Job Description
Job Title:
HPC System Engineer, System, NSCC
Requisition ID:
603
Posting Start Date:
01/04/2026
Job Summary
The HPC System Engineer will design, optimize, and maintain HPC system architecture, including compute, interconnect, and storage components. This role involves advanced performance tuning, resource planning, and technology evaluation to ensure scalability, reliability, and security of NSCC?s supercomputing infrastructure.
Roles and Responsibilities
- System Engineering & Optimization
- Evaluate HPC system architecture, including compute, interconnect, and storage components.
- Collaborate with HPC System Administrators to ensure system reliability and performance.
- Assist in performance tuning and root-cause analysis for complex system-level issues.
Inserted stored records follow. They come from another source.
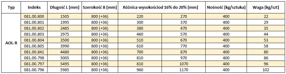 - - różnica poziomów (16%-20%): 300 - 370 mm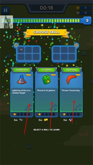 2、升级时选择技能,增强攻击能力和战斗策略。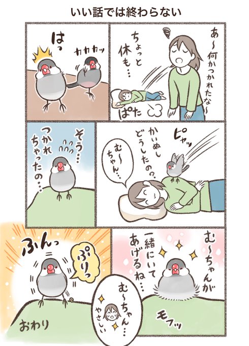 鳥野家の小鳥たち マンガ「いい話では終わらない」 ※同人誌収録バージョン #文鳥 #漫画が読めるハッシュタグ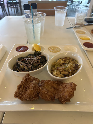 I ordered the fresh fish of the day, grouper, and chose to have it grilled. For my sides I had garlic/shallot brown rice, and bacon braised cabbage. You can definitely taste the fresh fish, caught earlier that day, and thickness was a good size. Portion overall could've been slightly bigger, that or the price could've been 2 or 3 dollars cheaper and it would've been perfect. The rice was pretty good. I normally don't like brown rice but love garlic and shallots so decided to try it. The candied pecans on top give it a nice kick of texture. The bacon braised cabbage was nicely seasoned and sauced. It wasn't too overwhelming, and it was a good portion size.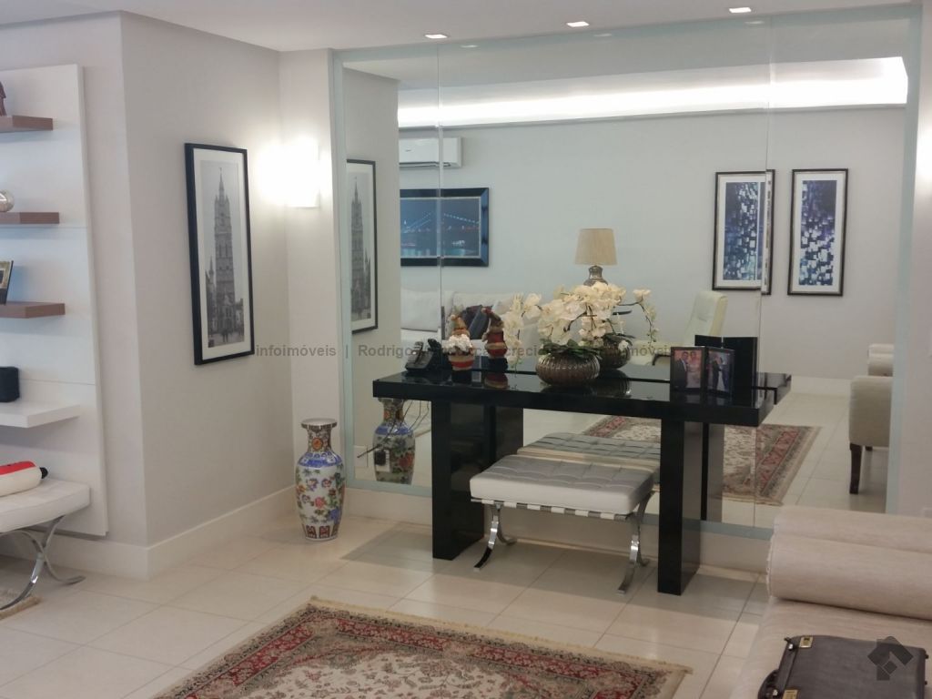 Excelente cobertura no edifício Da Vinci com área total de 425m² e área útil de 300m². O imóvel possui 4 vagas de garagem cobertas, também possui área de lazer completa com sauna, piscina e área gourmet, e está todo mobiliado, equipado e com armários planejados, pronto para morar.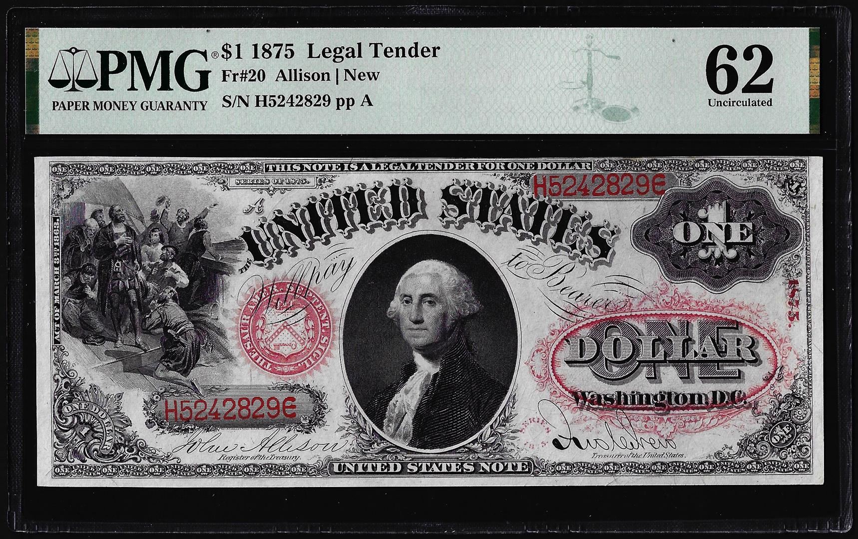 One 1875 $1 Legal Tender Note Fr.20 PMG Uncirculated 62. PMG Certified.

- Develop and maintain utility tools for system diagnostics and performance profiling.
- Resource & Workload Management
- Configure and optimize job schedulers (e.g., Slurm, PBS Pro) to maximize resource utilization and throughput.
- Develop and enforce policies for resource allocation and workload prioritization.
- Design & Planning
- Assess future computational requirements and contribute to HPC system architecture design.
- Evaluate emerging technologies (processors, accelerators, interconnects, storage solutions, programming models).
- Compliance & Risk Management
- Define and implement security policies in collaboration with administrators.
- Conduct regular security checks and ensure compliance with organizational standards.
- Collaboration & Documentation
- Work closely with Middleware and Storage Engineers to ensure system compatibility.
- Document system architecture, configurations, and engineering decisions.
Qualifications:
- Degree in a Computer Science, Engineering, IT or other relevant areas.
- At least 3 years of experience in managing HPC systems.
- Highly proficient in UNIX/Linux environments and command line interface (CLI).
- Experience with cluster management software (xCAT, BCM, PHPC, HPCM).
- Experience with job scheduling and workload management software (Slurm or PBS Pro)
- Strong knowledge of HPC storage principles and experience in managing parallel file system (Lustre, GPFS, BeeGFS).
- Strong knowledge of RDMA-based interconnect (InfiniBand, RoCE).
- Understanding of basic network protocols like DHCP, DNS, TFTP, SMTP, etc.
- Good knowledge of scripting languages like Python, Bash or Perl.
- Demonstrate ability to analyse complex issues and develop effective solutions.